Transformation of insects with piggyBac.
While assays that provide evidence for the movement of a transposon in embryos of a given species are suggestive of the possibility for transformation of that species, they do not provide conclusive proof that a given transposon will be useful for transformation of that species. Many variables impinge on the relative utility of a given element as a vector for transgenesis. Transposon related variables include the relative efficiency of movement into the genome, stability of the transposon insertion in the genome, and the potential for cross-mobilizing or suppressive effects from similar resident elements. Variables related to the insect being examined include the availability of suitable selectable marker genes, survivorship of microinjected embryos, and the survivorship and fecundity of emerged injected insects. Refinements in technique and identification of suitable marker genes have contributed at least as much as the application of new transposons have to the recent surge in the successful transgenic engineering of key species.

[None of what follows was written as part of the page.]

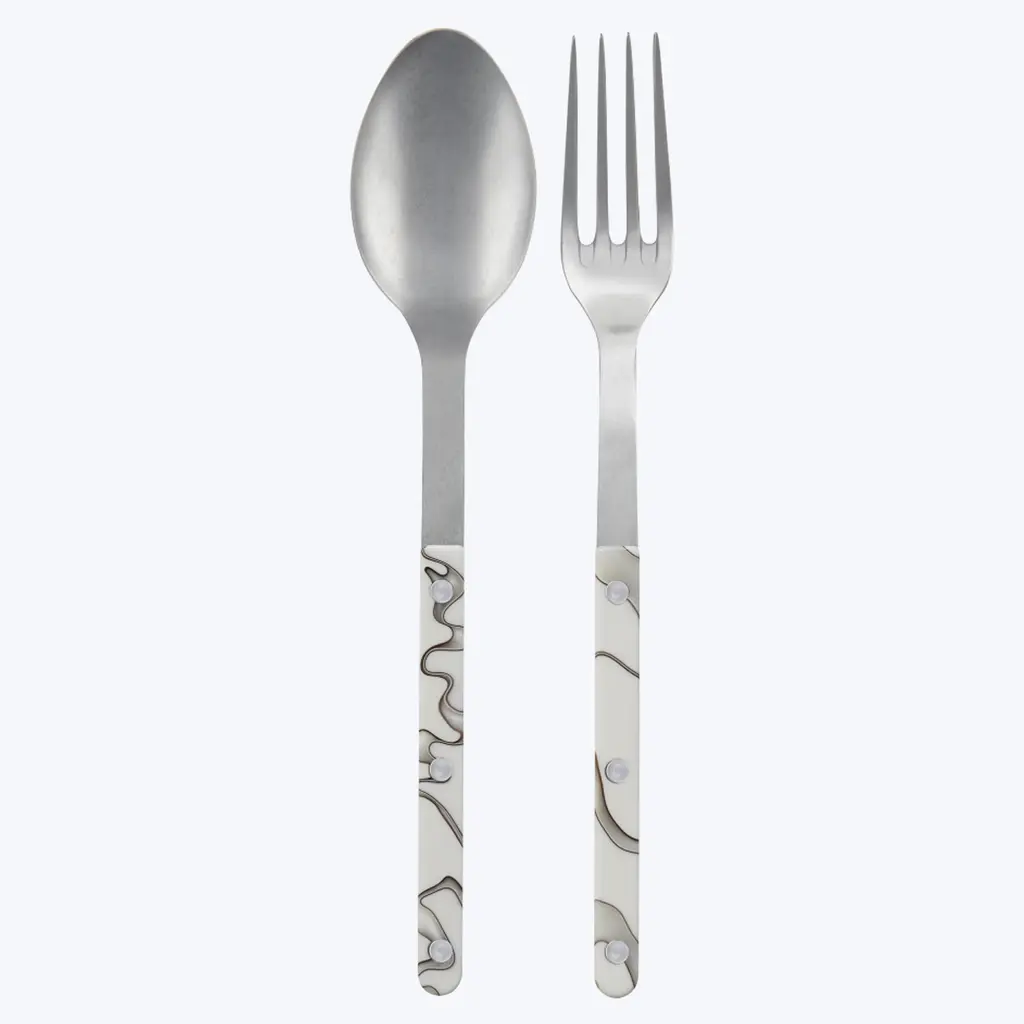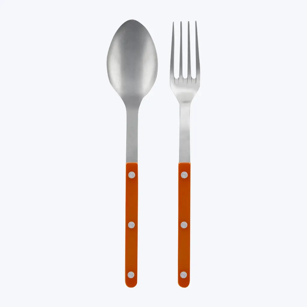 The Bistrot Vintage Finish 2-Piece Serving Set is true to its namesake with design inspiration coming from the Sabre team's favorite restaurants, cafes, and terraces in France. When designing this serving set, Sabre wanted to faithfully capture the bistro atmosphere while adding a modern touch: the styling is simple, the rivets are visible, and each color and material stand out nicely. These 18/10 stainless steel serving utensils feature a vintage finish for a more authentic and rustic appeal. This 2-piece Sabre serving set is comprised of a large fork for serving meat and a large spoon for accompaniments, a vital day-to-day kitchen accessory.Sabre Paris serves as more than just cutlery, it is a representation of decorative objects for the everyday table. For over 30 years, Sabre has provided tables around the world with softened yet understated and functional shapes, designed to fit perfectly in the hand. This collection of flatware is where chic French style and whimsy co-exist. Further Care Details:The Bistrot Flatware Collection is dishwasher safe at 45°C/113°C maximum. Remember to open the dishwasher at the end of the cycle. When washing by hand, Sabre recommends that you do not use abrasive sponges. For cutlery with light-colored handles, avoid prolonged contact with foods that stain such as coffee, tea, tomato sauce, etc. If small rings appear on the knife blades, they can be easily removed with a soft cloth and/or white vinegar.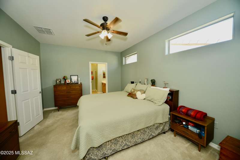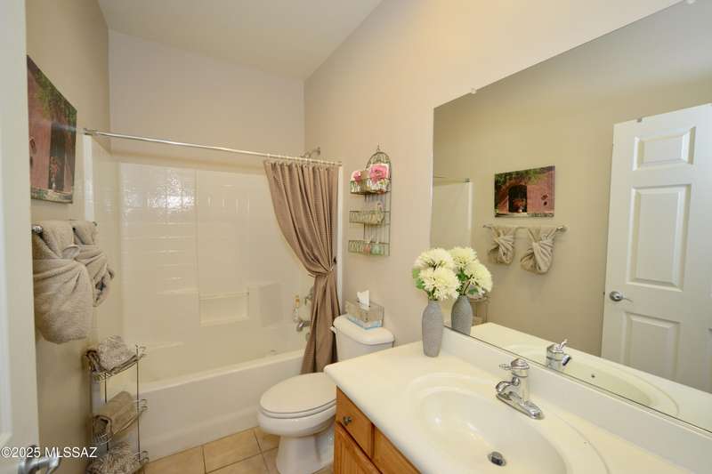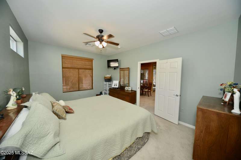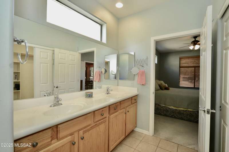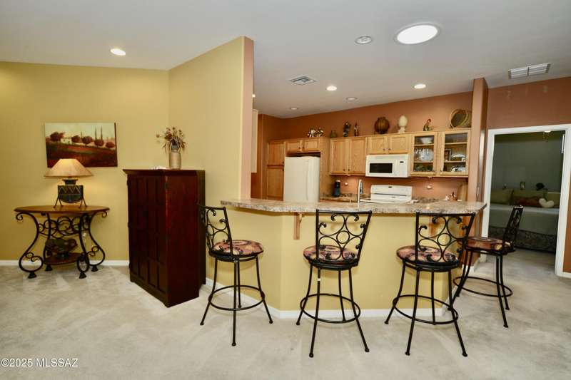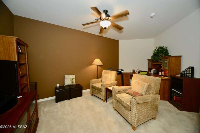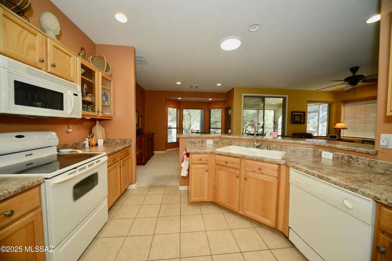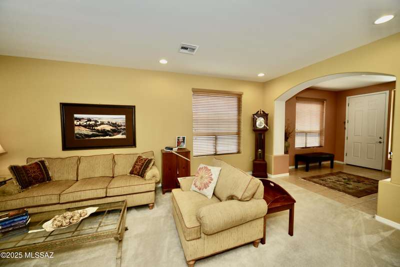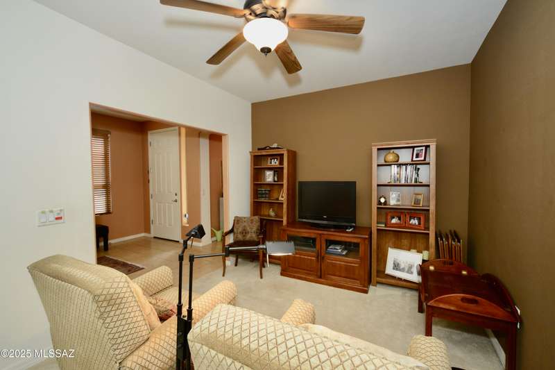 Stand-alone corner home in gated Las Campanas Village offers 1,757 sq ft of easy living with a 2-bed split floor plan plus a versatile den. Designed for comfort and privacy, this well-maintained home features open living spaces, ample kitchen counters and cupboards, an inviting screened-in patio, and an oversized 2-car garage with extra storage. Meandering community walking paths lead to a tranquil central park, ideal for outdoor enjoyment. Perfect for full-time or seasonal living in one of Green Valley's most desirable neighborhoods. Enjoy the carefree lifestyle--the HOA maintains the exterior, landscaping, and roof, allowing you to focus on what matters most. Most furniture available on a separate bill of sale.

The first definitive demonstration of genetic transformation of an insect by the piggyBac transposon was accomplished using the Mediterranean Fruit Fly as a model system (Handler et al. 1998). This system had the advantage of a recently identified white-eye mutation and complementing gene. Insertion of the C. capitata white-eye marker into the piggyBac transposon at the unique HpaI site had no deleterious effect on the movement of the transposon. Co-injection with the helper allowed rescue of the white-eyed flies to a re-eyed coloration. Subsequent hybridization, inverse PCR amplifiation, and sequencing analyses confirmed the insertion of the entire transposon carrying the white gene into the C. capitata genome, with the duplication of a TTAA target site. In one strain, maintenance of the gene at its original position was documented through 15 generations, indicating the piggyBac can provide stable transformation ofthis species. Since this initital report there have been numerous reports of successful transformations of insects in the orders Coleoptera, Diptera, and Lepidoptera using the piggyBac transposon (see list of piggyBac related publications).
The simplicity of movement of this element, and often high frequency of transformation, make it an attractive tool for genetic manipulation of insects. We believe that these properties can be exploited for an even broader range of invertebrate species, and perhaps even vertebrate species, and are hopeful that more attempts will be made to utilize the element for transgenic studies.